我在数据库中定义了一些时间,这就是它的外观:
ruby-1.9.2-p290 :017 > djel.smjena.pocetak1.to_time
=> 2000-01-01 08:00:00 +0100
没关系,它给了我2000-1-1 另外,我在某个日期时间发生了一些事情
ruby-1.9.2-p290 :019 > dog.pocetak
=> Thu, 25 Aug 2011 08:18:00 UTC +00:00
所以我希望,.to_time会放弃我的约会,但事实并非如此 发生
ruby-1.9.2-p290 :020 > dog.pocetak.to_time
=> Thu, 25 Aug 2011 08:18:00 UTC +00:00
所以,现在,比较8:00之前发生的事情是否无用。 那么,我该如何比较呢?有没有办法将dog.pocetak设置为 2000-01-01没有触摸时钟?
谢谢
P.S。另外,我想创建新的时间变量,只是为了从旧的变量小时和分钟中获取,但这种方法不起作用?

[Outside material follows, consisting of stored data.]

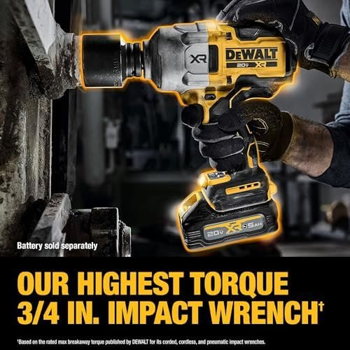 Complete tough jobs utilizing the power of the 20V MAX* XR 3/4″ High Torque Impact Wrench. Our highest rated max torque 3/4″ impact wrench** delivers up to 102% more torque***, making it ideal for heavy-duty applications. This tool features a glass-filled nylon housing to help protect against oils & harmful solvents. Other features such as PRECISION WRENCH mode, which helps prevent overtightening and fastener run-off, as well as a 4-mode push button switch, to easily change speeds and LED brightness, are included to help maximize efficiency and productivity on the jobsite. Battery sold separately.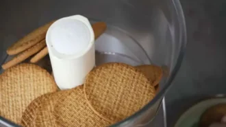Вилийте суміш у форму з викладеними бортиками з печива і рівномірно розподіліть лопаткою.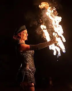 The festival grounds feature 25 stages, which host a wide variety of performances. The festival features several medieval-themed music and dance groups, including everything from belly dancing, to harps and fiddles, to bagpipes and accordions, to the carillon.[9] Throughout the festival park several demonstrating artists can be found presenting the methods of various medieval trades, such as glassblowing, forging armor, candle-making, coin minting, and others to visitors.[10]

ruby-1.9.2-p290 :059 > dog.pocetak.hour
=> 8
但
ruby-1.9.2-p290 :060 > dog.pocetak.minute
NoMethodError: undefined method `minute' for 2011-08-25 08:18:00 UTC:Time
from /home/dorijan/.rvm/gems/ruby-1.9.2-p290/gems/activesupport-3.0.10/lib/active_support/time_with_zone.rb:322:in `method_missing'
from (irb):60
from /home/dorijan/.rvm/gems/ruby-1.9.2-p290/gems/railties-3.0.10/lib/rails/commands/console.rb:44:in `start'
from /home/dorijan/.rvm/gems/ruby-1.9.2-p290/gems/railties-3.0.10/lib/rails/commands/console.rb:8:in `start'
from /home/dorijan/.rvm/gems/ruby-1.9.2-p290/gems/railties-3.0.10/lib/rails/commands.rb:23:in `<top (required)>'
from script/rails:6:in `require'
from script/rails:6:in `<main>'
ruby-1.9.2-p290 :061 > dog.pocetak.minutes
NoMethodError: undefined method `minutes' for 2011-08-25 08:18:00 UTC:Time
from /home/dorijan/.rvm/gems/ruby-1.9.2-p290/gems/activesupport-3.0.10/lib/active_support/time_with_zone.rb:322:in `method_missing'
from (irb):61
from /home/dorijan/.rvm/gems/ruby-1.9.2-p290/gems/railties-3.0.10/lib/rails/commands/console.rb:44:in `start'
from /home/dorijan/.rvm/gems/ruby-1.9.2-p290/gems/railties-3.0.10/lib/rails/commands/console.rb:8:in `start'
from /home/dorijan/.rvm/gems/ruby-1.9.2-p290/gems/railties-3.0.10/lib/rails/commands.rb:23:in `<top (required)>'
from script/rails:6:in `require'
from script/rails:6:in `<main>'
非常令人沮丧:)
答案 0 :(得分:3)
要从Time对象获取分钟,您需要min
而不是minutes
。你不能让Time实例只是“一天中的时间”(即没有年,月,......),但你可以使用strftime
来获得一个可以正确比较的字符串版本:
tod = Time.now.strftime('%H:%M:%S')
# "17:07:23"
if(t1.strftime('%H:%M:%S') == t2.strftime('%H:%M:%S'))
# Same time of day (to one second resolution)
end
if(t1.hour == t2.hour && t1.min == t2.min && t1.sec == t2.sec)
# Same time of day (to one second resolution)
end
您采取的方法与往常一样取决于您的具体情况以及该附近地区的其他情况。
答案 1 :(得分:3)
如果您愿意,可以使用ActiveSupport
和Time.change
重置年,月和日:
> t = Time.now
=> Sun Aug 21 00:46:29 +0000 2011
> t.change(:month => 1, :day => 1, :year => 2000)
=> Sat Jan 01 00:46:29 +0000 2000
这样,可以比较彼此之间的“时间”,如果它们全部重置为同一日期。不确定这是否是一个很好的解决方案,取决于你真正想要的是什么。
修改强>:
根据mu的建议,您还可以查看time数据类型。